Input data.

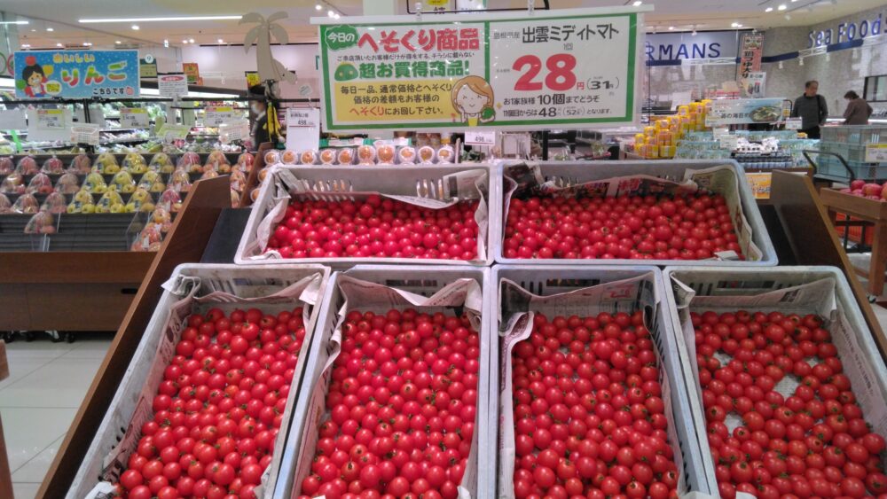 東川津店、本日のへそくりは出雲ミディトマトです! 手軽に栄養が取れておすすめ♪ この機会に是非お買い求めくださいませ!
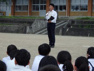 運動場では、校長先生及び不審者役の警察官から話がありました。
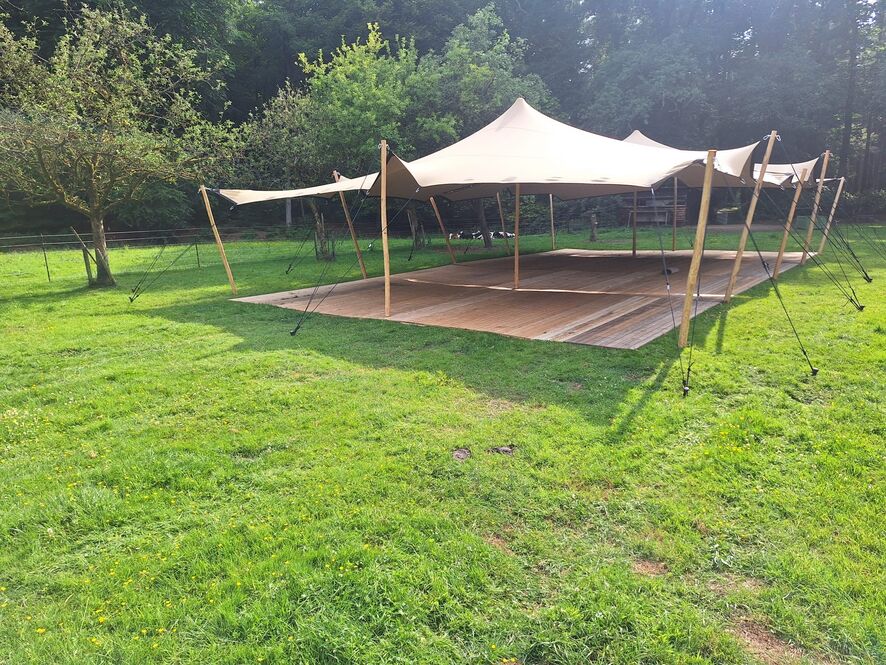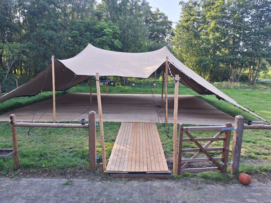 Let op: Om de tent te bouwen is er rondom de tent een meter extra afspanning nodig.

What this task involves. Before you finish, make sure every line above has been repeated exactly and no picture remains in the copy.

Written response.
 東川津店、本日のへそくりは出雲ミディトマトです! 手軽に栄養が取れておすすめ♪ この機会に是非お買い求めくださいませ!
 運動場では、校長先生及び不審者役の警察官から話がありました。
 Let op: Om de tent te bouwen is er rondom de tent een meter extra afspanning nodig.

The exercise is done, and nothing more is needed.